“Did we just run away from women?”
“Yeah, that just happened.”
“Okay, just making sure…”
I try to work out and stay in good shape…round is a shape, right? Jokes aside, it’s very important to make sure you get out and run every once in a while for your health as well those times when you have to make a quick exit. When a woman mentions another guy, run away…literally, if you have to.
For some reason, I have put off writing about this rule for over 2 years. It shouldn’t be too much of a surprise since I abandoned this blog a while back when all of my favorite bloggers stopped updating.
It’s a simple, straight-forward rule. Everyone has heard it. However, we all need a reminder every once and a while. Since moving across the country a few months ago, I haven’t had any bros to hang out with. My game has…well, it hasn’t slipped. When I want to turn on the charm, it’s there, it’s just less frequent.
The thing is to treasure your brolationships. They matter. And when you don’t have a solid group of friends to go out with, drink, and talk to women, you start to miss the connection, the trial-by-fire that you had with those friends.
So you can do two things to remedy that, which btw, I am trying to do both: do your best to convince your friends to move to your new city, or make new friends and see who works with your personality.
After a few drinks and a conversation with a friend of how we are horrible with women, I told a recent tale of moderate success. This was because I decided to go with the flow and say yes to anything unless I had a good reason to say no. This was similar to how in college I would get really drunk, and things would just happen.
The tl;dr of this rule is that you shouldn’t run into bad situations, but don’t walk away from potentially great ones either.
Be open to possibilities, and the possibilities will open up to you.
When I approach a woman at a bar, I usually like to have a game plan (along with an escape plan, because it’ll probably end badly.

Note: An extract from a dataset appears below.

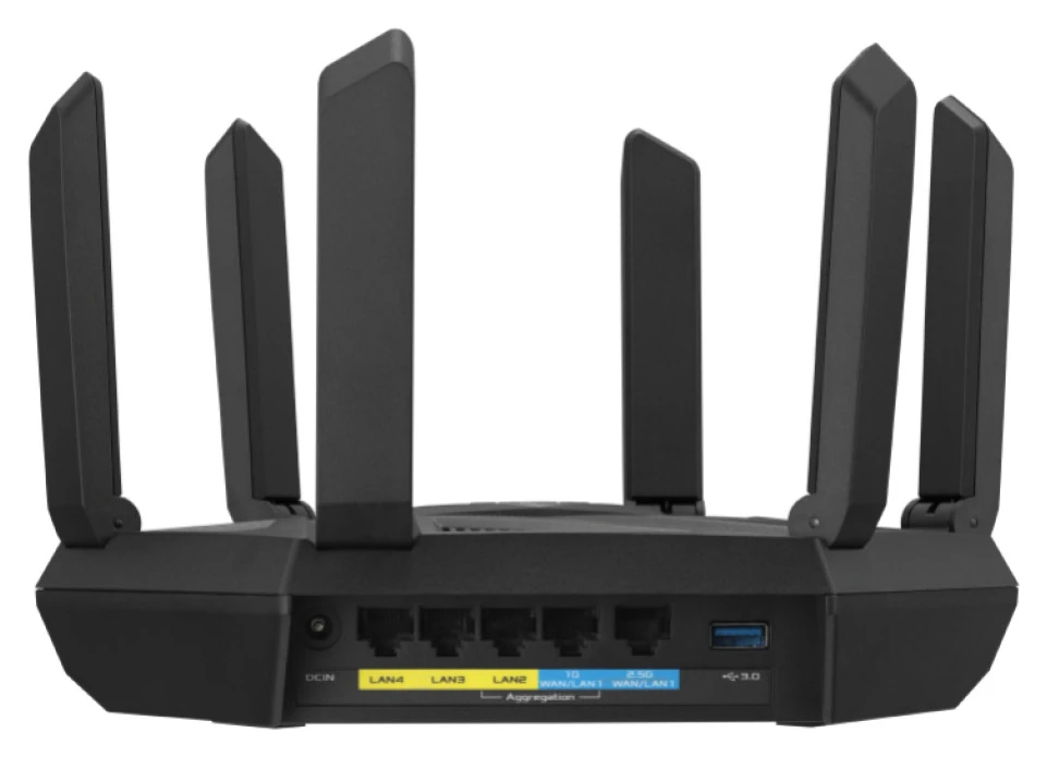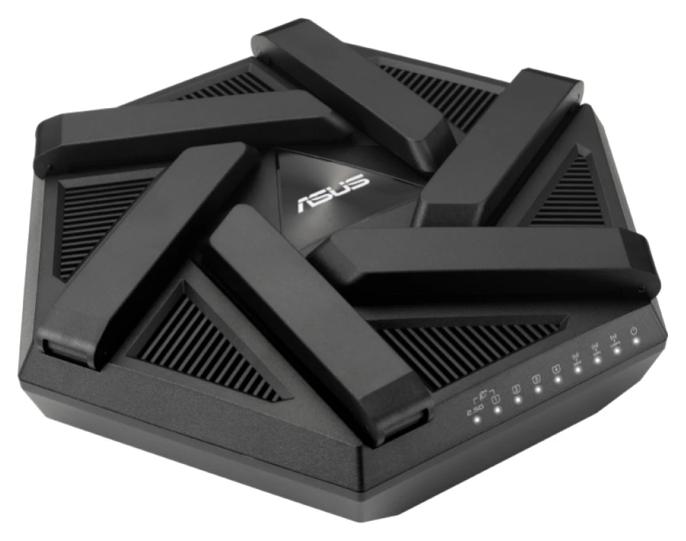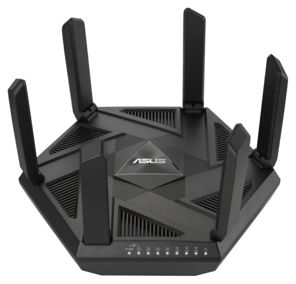AXE7800 Tri-band WiFi 6E (802.11ax) usmerjevalnik, nov 6GHz pas, ASUS varno brskanje, izboljšana omrežna varnost z AiProtection Pro in Instant Guard Sharable Secure VPN, brezplačen starševski nadzor, 2,5G vrata, združevanje povezav.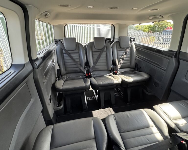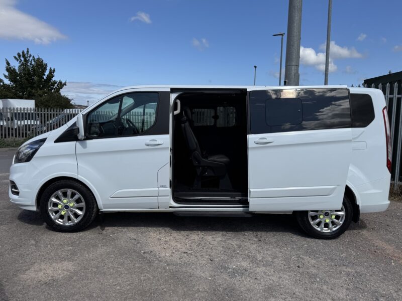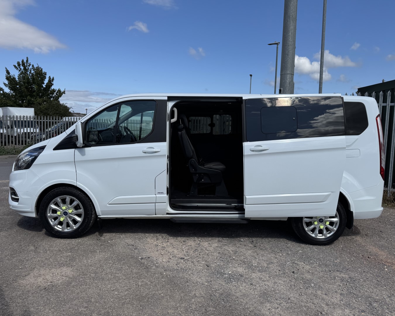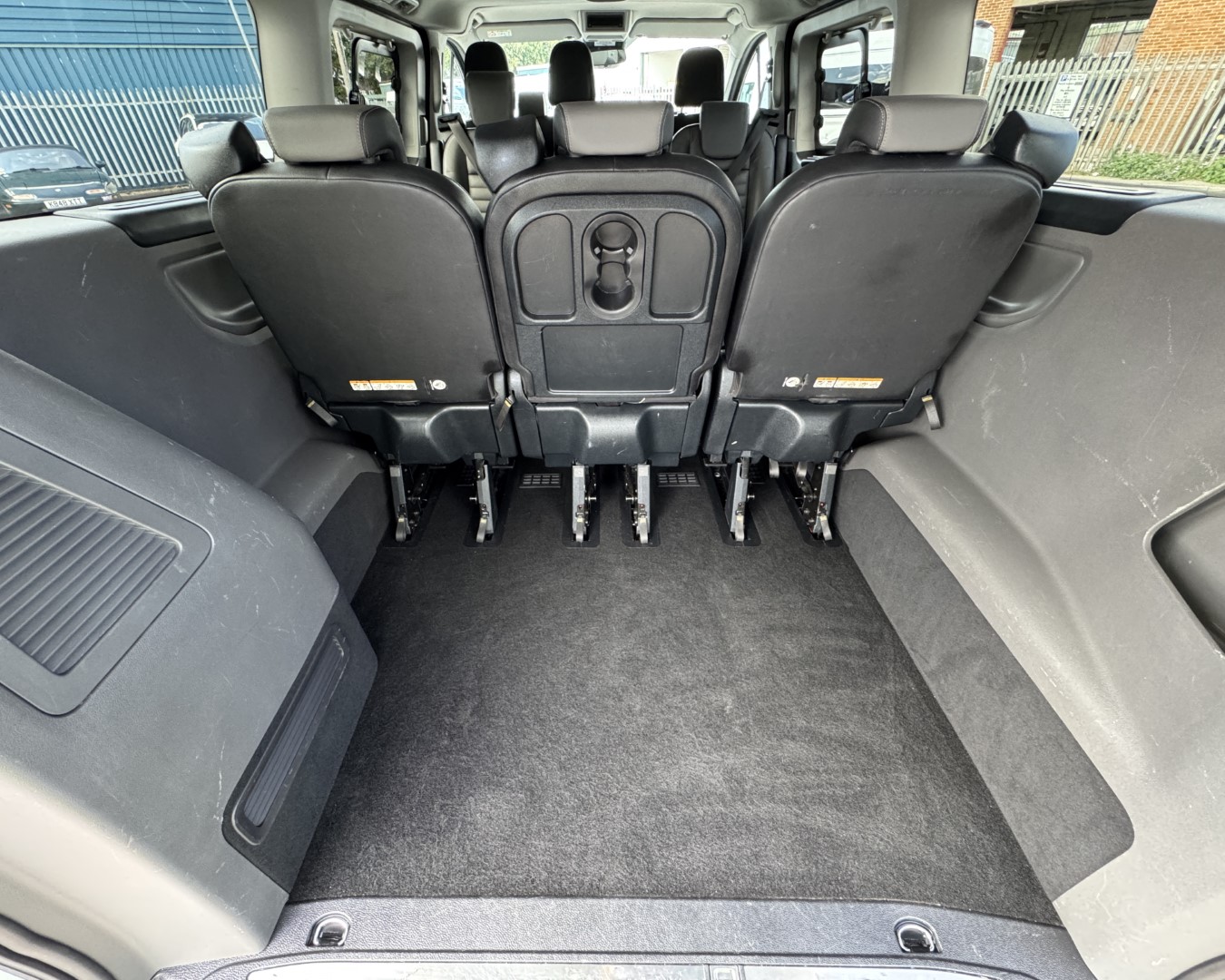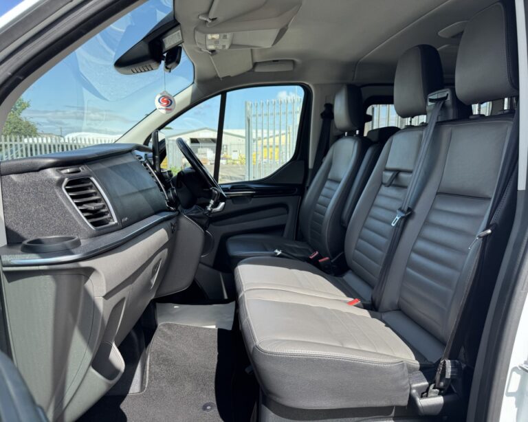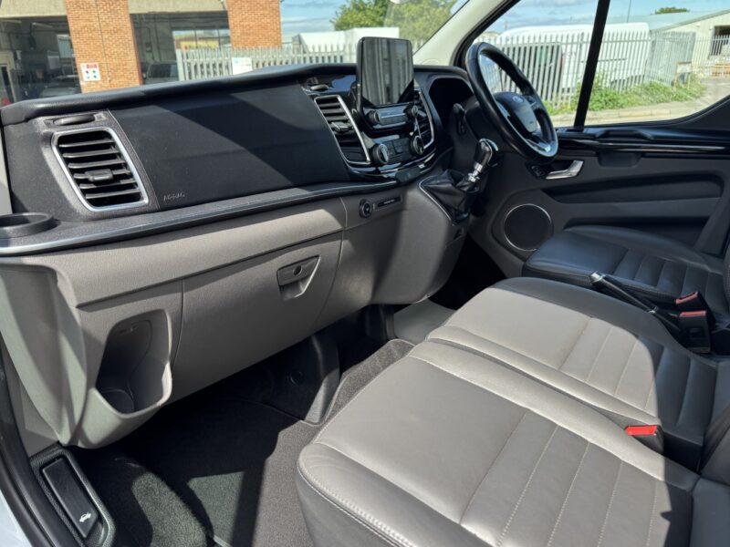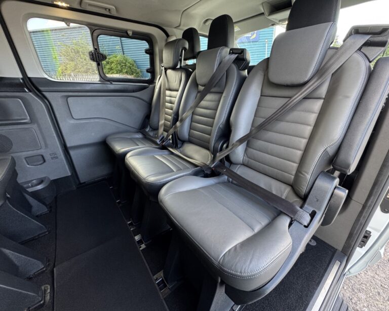 2019 (19) Ford Tourneo Custom 2.0 310 EcoBlue Titanium L2 9 Seat MPV (130ps), 2.0 litre diesel engine with a 6-speed manual gearbox, Front and rear parking sensors, Air conditioning, Front heated seats, Full leather interior, Automatic headlights, Full electric folding side mirrors, Electric windows, Remote central locking, DAB radio, Touchscreen centre console, Sat Nav, Bluetooth with handsfree calling and steering wheel controls, Cruise control with speed limiter, Twin sliding passenger doors, Tinted windows, Allow wheels, Removable and adjustable passenger seating, L2 with large boot space, Trip computer.

This goes through my head when failing miserably…)
However, sometimes it’s good to just go up and start talking; let your natural charm, wit, and silliness win them over. Let the conversation flow naturally. You’re an intelligent, social being, so just talk about anything. Your brain is your enemy, kill it with alcohol.
Of course, it doesn’t hurt to have a wingman helping you out. A story will be written soon, with a new cavalcade of characters.
Afterthought: I didn’t know this before, but apparently some people just don’t know how to make conversation. As human beings, those people should have the social skills to respond with more than one-word answers. We are people; we are social beings; how hard is it to be a person?
Make sure you put your pants on, because when I walk outside naked, people throw garbage at me. Now this is not a style blog, so I’m not going to go into fashion, even though I easily could. This is just a post to remind you all to be aware of what you wear.
Know the type of situation you’ll be in. For most bars, especially Northern California, t-shirt and jeans are not only the norm, they’re expected. The more dressed up you get, the more you stand out, and that’s not always a good thing. The key to being a well-dressed-man is dressing for the occasion. If you’re going to an upscale club, by all means, wear your three-piece-suit you recently had tailored because you can pull it off (provided that it’s GCWOK-approved).
You also have to remember that if you’re going to be drinking heavily, you may not want to bring a jacket if you’re likely to forget it somewhere. Although if it’s cold out, don’t go out with too few layers or you could end up drinking to feel warm, which is a very bad idea.
…and this is why I don’t feel shame. As guys, we have to try, but we don’t always get the girl. Oh well, it’s not the end of the world. Although, sometimes, we have a second chance to try again. Maybe situations are better, or maybe just the lighting is better.
This is when we have make a choice: do I want to try again with this girl with these favorable conditions, or do I think it is not worth the effort?
I used to think we should try again, try to make it work. But that was a while ago. You can call it foolish pride, or whatever you want, but lately, I’ve adopted the thought process that if she didn’t want me back then, I don’t want her now.
I joke a lot about my idiocy, but I have a good head on my shoulders and can make wise decisions when I should (more often than not). During my college years, three of my best friends were women. The important part of that equation was that I didn’t sleep with or date any of them. I know how to keep it in my pants. I later found out that not a lot of guys are like me.
A few years ago, my friend Schneider was interested in this girl named Megan. Another friend and I were along to wingman because she was hanging out with her best friend, who was a guy. The wingmanning went fine, but that’s not the reason for this story. Schneider was never able to get the girl. Why, you ask?
The guy-best friend was the reason why. He was always there. Always “just a friend.” Let’s fast-forward a few months later when I asked Schneider about what happened with him and Megan: nothing. Nothing happend. She got knocked up by, you guess it, the guy-best friend.
In retrospect, it was a good thing, at least for my friend. He dodged a major bullet with that chick. So this isn’t as much a rule as much of a cautionary tale: when a girl says her best friend is a guy, watch out.